Connected components of the graph on $[n]$ in which $i,j$ are connected if $\mathrm{gcd}(i,j) > g$

Question

I recently got asked the following question:

A set of $n$ cities are numbered from 1 to $n$. Given a positive integer $g$, two cities are connected if their greatest common divisor is greater than $g$. The number $n$ may be as large as $10^5$.

Alice has a list of $q$ cities that she'd like to visit. Given Alice's list of $q$ origin cities and $q$ destination cities, return a boolean vector with a 1 in the $i$th position indicating that it's possible to reach the $i$th destination city from the $i$th origin city, and 0 if not. The length of the list $q$ may be as large as $10^5$ as well.

I solved this problem with a quadratic time solution. However, the large upper bound for $n$ and $q$ clearly implies there is a better runtime. I haven't yet seen a way to speed up the creation of the graph, however.

My solution builds the graph in quadratic time, using a union find data structure to handle the component merging, and Euclid's algorithm for computing gcd's.

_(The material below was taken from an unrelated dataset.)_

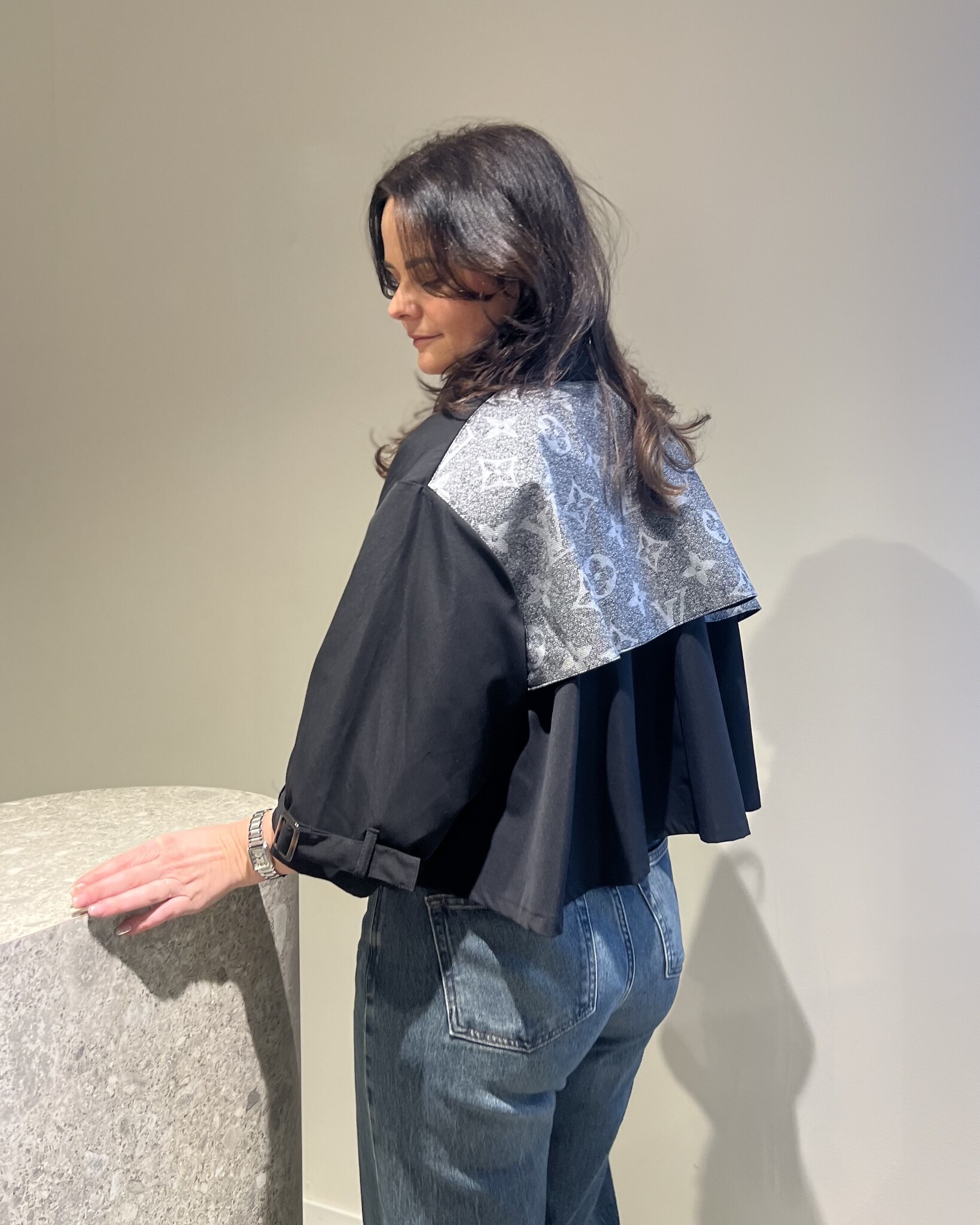 Deze opvallende trenchcoat met capevorm en driekwart mouwen van Attire Amsterdam is een écht statement pieces: handgemaakt in Nederland, met oog voor detail, duurzaamheid en stijl. Elk kledingstuk is uniek — van elke blazer bestaat er letterlijk maar één. Geen massaproductie, geen kopieën. Alleen handwerk, creativiteit en kwaliteit. Dit jasje is gemaakt van leftover designer stof van Louis Vuitton. One size en op verschillende manieren te dragen en stylen. De trend van dit moment.

The fundamental question is whether there exists a faster than $O(n^2)$ algorithm to construct and query an undirected graph, when edges are defined by a pairwise rule, and it appears that every pair $(i, j)$ for $1 \leq i,j \leq n$ needs to be looked at.

Answer 1

Given parameters $n$ and $g$, you want to find the connected components of the graph on $[n] := \{1,\ldots,n\}$ whose edges are $\{(i,j) \in [n] : (i,j) > g\}$. Let us write these edges in a different way: $$ \bigcup_{d=g+1}^n \{(i,j) \in [n]: d \mid (i,j) \} = \bigcup_{d=g+1}^n \{(dI,dJ) : 1 \leq I,J \leq n/d \}. $$ For each $d$, we have a clique on $\lfloor n/d \rfloor$ vertices. We can preserve the same connectivity properties by replacing it with a path: $$ \bigcup_{d=g+1}^n \{(dI,d(I+1)) : 1 \leq I < \lfloor n/d \rfloor \}. $$ The number of edges in the new graph is $$ \sum_{d=g+1}^n \lfloor n/d \rfloor \leq n \sum_{d=g+1}^n \frac{1}{d} = O(n\log n). $$ You can find the connected components using BFS/DFS in time $O(n\log n)$, a large improvement over your quadratic time algorithm.

Answer 2

Pseudo code for finding the minimum connected edges.

    n=100
    lst = range(1,101)
    g=10
    ans = list(tuple())
    for d in range(g+1,n+1):
       for i in range(1,n/d):
         ans.append((d*i,d*(i+1)))
    print ans
    print "size="+str(len(ans))

Output:

   [(11, 22), (22, 33), (33, 44), (44, 55), (55, 66), (66, 77), (77, 88), (88, 99), (12, 24), (24, 36), (36, 48), (48, 60), (60, 72), (72, 84), (84, 96), (13, 26), (26, 39), (39, 52), (52, 65), (65, 78), (78, 91), (14, 28), (28, 42), (42, 56), (56, 70), (70, 84), (84, 98), (15, 30), (30, 45), (45, 60), (60, 75), (75, 90), (16, 32), (32, 48), (48, 64), (64, 80), (80, 96), (17, 34), (34, 51), (51, 68), (68, 85), (18, 36), (36, 54), (54, 72), (72, 90), (19, 38), (38, 57), (57, 76), (76, 95), (20, 40), (40, 60), (60, 80), (80, 100), (21, 42), (42, 63), (63, 84), (22, 44), (44, 66), (66, 88), (23, 46), (46, 69), (69, 92), (24, 48), (48, 72), (72, 96), (25, 50), (50, 75), (75, 100), (26, 52), (52, 78), (27, 54), (54, 81), (28, 56), (56, 84), (29, 58), (58, 87), (30, 60), (60, 90), (31, 62), (62, 93), (32, 64), (64, 96), (33, 66), (66, 99), (34, 68), (35, 70), (36, 72), (37, 74), (38, 76), (39, 78), (40, 80), (41, 82), (42, 84), (43, 86), (44, 88), (45, 90), (46, 92), (47, 94), (48, 96), (49, 98), (50, 100)]
   size=101

We can see that edges like (11,33), (11, 44) etc are not part of the set even though they are directly connected.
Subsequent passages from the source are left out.